Main column overhead vapors, in an amount of 180,679 lbs/hr. (22.81 kg/sec.) are condensed and introduced, via line 22, into low-pressure (20 psi.) (1.4 kg/sq. cm.) receiver 23 at a temperature of about 77.degree. F. (25.degree. C.) and a pressure of 15 psi. (1.1 kg/sq.cm.). These overhead vapors comprise 3,211 lbs. (0.41 kg/sec.) of inerts (flue gas), about 108 lbs. (0.01 kg/sec.) of hydrogen, 5440 lbs. (0.69 kg/sec.) of water and 171,920 lbs. (21.71 kg/sec.) of hydrocarbons. Water, in an amount of 5,011 lbs/hr. (0.63 kg/sec.) is removed through line 24 from dip-leg 25. Condensed hydrocarbonaceous material, in the amount of 107,334 lbs/hr. (13.55 kg/sec.) is removed from receiver 23 through line 27, and 29,834 lbs. (3.77 kg/sec.) are diverted through line 29, admixed with the 354,605 lbs/hr. (44.77 kg/sec.) of heavy naphtha recycle in line 30, and introduced into main column 2 as the overhead reflux stream. Uncondensed material, in the amount of 68,334 lbs/hr. (8.63 kg/sec.), is withdrawn through line 26, increased in pressure to a level of about 80 psi. (5.62 kg/sq.cm.), condensed and introduced into high-pressure receiver 31 at a temperature of about 100.degree. F. (38.degree. C.). Condensed material, from receiver 23, not being refluxed to main column 2, about 77,500 lbs/hr. (9.79 kg/sec.), continues through line 27 into stabilizing column 28, being introduced at a temperature of about 190.degree. F. (88.degree. C.) and a pressure of about 125 psi. (8.8 kg/sq.cm.).

The material being introduced into receiver 31, 68,334 lbs/hr. (8.63 kg/sec.) consists of 3,177 lbs. (0.40 kg/sec.) of inerts (mainly carbon oxides), 108 lbs. (0.01 kg/sec.) of hydrogen, 429 lbs. (0.05 kg/sec.) of water and 64,620 lbs. (8.16 kg/sec.) of hydrocarbons. Water is withdrawn through line 32, from dip-leg 33, in the amount of 160 lbs/hr. (0.02 kg/sec.); 13,018 lbs/hr. (1.64 kg/sec.) of hydrocarbons are recovered in line 34, admixed with the condensed material in line 27 and introduced therewith into stabilizer 28; and, vaporous material, in the amount of 55,156 lbs/hr. (6.96 kg/sec.), is transported via line 35 to suitable recovery facilities.
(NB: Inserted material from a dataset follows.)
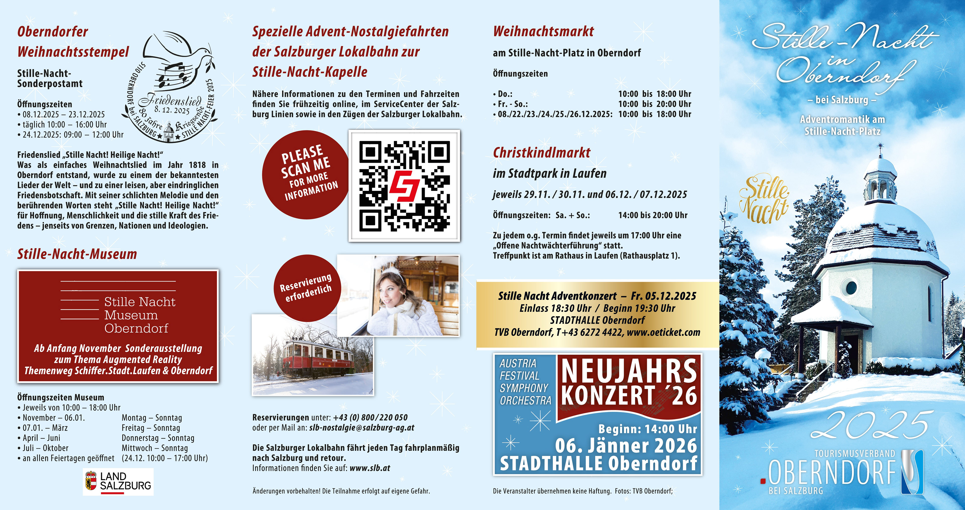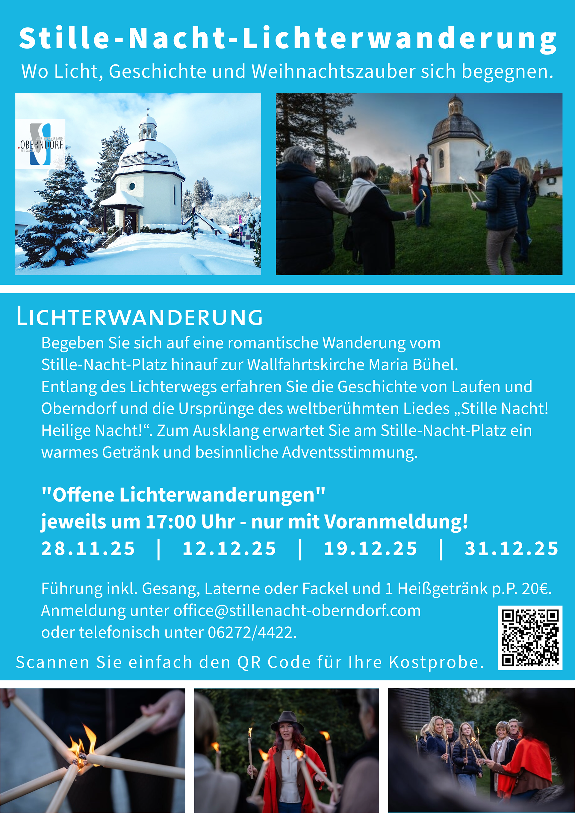 Die geführten „Offenen Lichterwanderungen“ finden jeweils um 17:00 Uhr an ausgewählten Terminen statt und beinhalten Gesang, eine Laterne oder Fackel sowie ein Heißgetränk pro Person. Eine Anmeldung ist erforderlich unter office@stillenacht-oberndorf.com / telefonisch unter +43 6272 4422.

The total quantity of material introduced into stabilizer 28, via line 27, is 90,518 lbs/hr. (11.43 kg/sec.). Overhead vapors, in the amount of 38,692 lbs/hr. (4.89 kg/sec.) are withdrawn through line 38 at a temperature of about 126.degree. F. (52.degree. C.) and a pressure of about 120 psi. (8.4 kg/sq.cm.). These are condensed and introduced into receiver 39 at a temperature of about 102.degree. F. (39.degree. C.). Condensed material, in the amount of 31,673 lbs/hr. (4.0 kg/sec.) is employed as overhead reflux via line 42, and 7,019 lbs/hr. (0.89 kg/sec.) of vapor are recovered via line 43, combined with the vapors in line 35 and transported therewith to the recovery facility. Since the feed stream to stabilizer 28 contains a minimal amount of water, the same is recovered via line 40 and dip-leg 41 on a periodic basis. Bottoms liquid, in the amount of 142,846 lbs/hr. (18.04 kg/sec.) is recovered via line 36. Of this amount, 59,347 lbs. (7.49 kg/sec.) are diverted through line 37, increased in temperature to a level of about 260.degree. F. (127.degree. C.) and utilized to supply heat to the reboiler section of the stabilizer. The remaining 83,499 lbs/hr. (10.54 kg/sec.) continue through line 36 and are recovered as the light naphtha product.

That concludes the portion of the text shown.